Dow AgroSciences, 9330 Zionsville Rd., Indianapolis, IN 46268, USA.
Plant Mol Biol. 2010 Aug;73(6):617-28. doi: 10.1007/s11103-010-9641-4. Epub 2010 May 8.
A transgene, flanked by zinc finger nuclease (ZFN) cleavage sites, was deleted from a stably transformed plant by crossing it with a second plant expressing a corresponding ZFN gene. A target construct, containing a GUS reporter gene flanked by ZFN cleavage sites, a GFP reporter gene and a PAT selectable marker gene, was transformed into tobacco. Basta-resistant plants were regenerated and screened for GUS and GFP expression. A second construct, containing a ZFN gene driven by the constitutive CsVMV promoter and an HPT selectable marker gene, was also transformed into tobacco. Selected T(0) plants were grown to maturity and allowed to self-pollinate. Homozygous target plants, which expressed GUS and GFP, were crossed with homozygous ZFN plants, which expressed the ZFN gene. Numerous GUS-negative plants were observed among the hybrids with one particular cross displaying approximately 35% GUS-negative plants. Evidence for complete deletion of a 4.3 kb sequence comprising the GUS gene was obtained and sequence confirmed. Co-segregation in F(2) progenies of 'truncated' and 'intact' target sequences with expected reporter gene phenotypes were observed. Since ZFNs can be designed to bind and cleave a wide range of DNA sequences, these results constitute a general strategy for creating targeted gene deletions.
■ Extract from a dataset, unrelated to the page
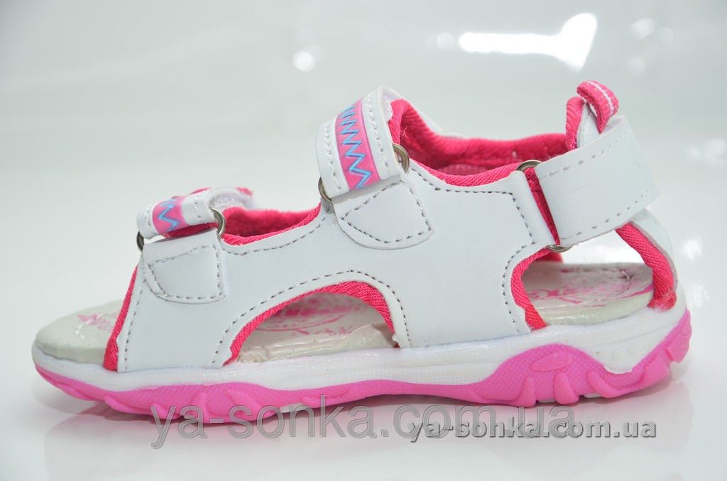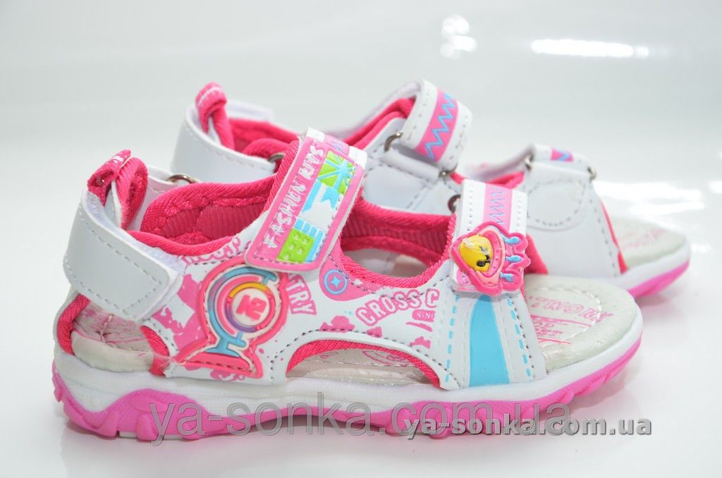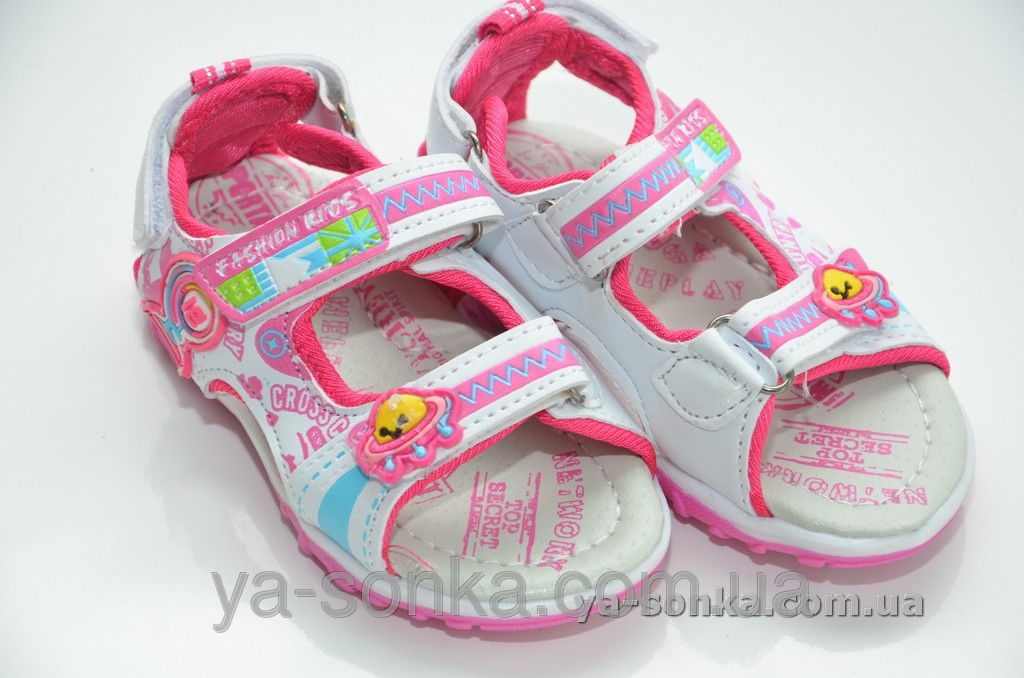 Открытые босоножки-сандалии для девочки  изготовлены из качественного кожзама. Красочная, яркая расцветка. Дизайн в спортивном стиле. Модель декорирована детскими забавными аксессуарами. Внутри мягкий текстиль. Стелька с супинатором. Три застежки на липучках позволяют максимально комфортно регулировать босоножки на ножке с любой полнотой.

通过与表达相应锌指核酸酶(ZFN)基因的第二株植物杂交,从稳定转化的植物中删除侧翼带有 ZFN 切割位点的转基因。将含有侧翼带有 ZFN 切割位点的 GUS 报告基因、GFP 报告基因和 PAT 选择标记基因的靶构建体转化到烟草中。抗性植株再生并筛选 GUS 和 GFP 表达。将第二个构建体转化到烟草中,该构建体含有由组成型 CsVMV 启动子驱动的 ZFN 基因和 HPT 选择标记基因。选择的 T(0) 植物成熟并自花授粉。表达 GUS 和 GFP 的纯合靶植物与表达 ZFN 基因的纯合 ZFN 植物杂交。在杂种中观察到许多 GUS 阴性植株,其中一个特定杂交种显示约 35%的 GUS 阴性植株。获得并证实了包含 GUS 基因的 4.3kb 序列完全缺失的证据。在 F(2)后代中观察到“截断”和“完整”靶序列与预期报告基因表型的共分离。由于 ZFN 可以设计为结合和切割广泛的 DNA 序列,因此这些结果构成了创建靶向基因缺失的通用策略。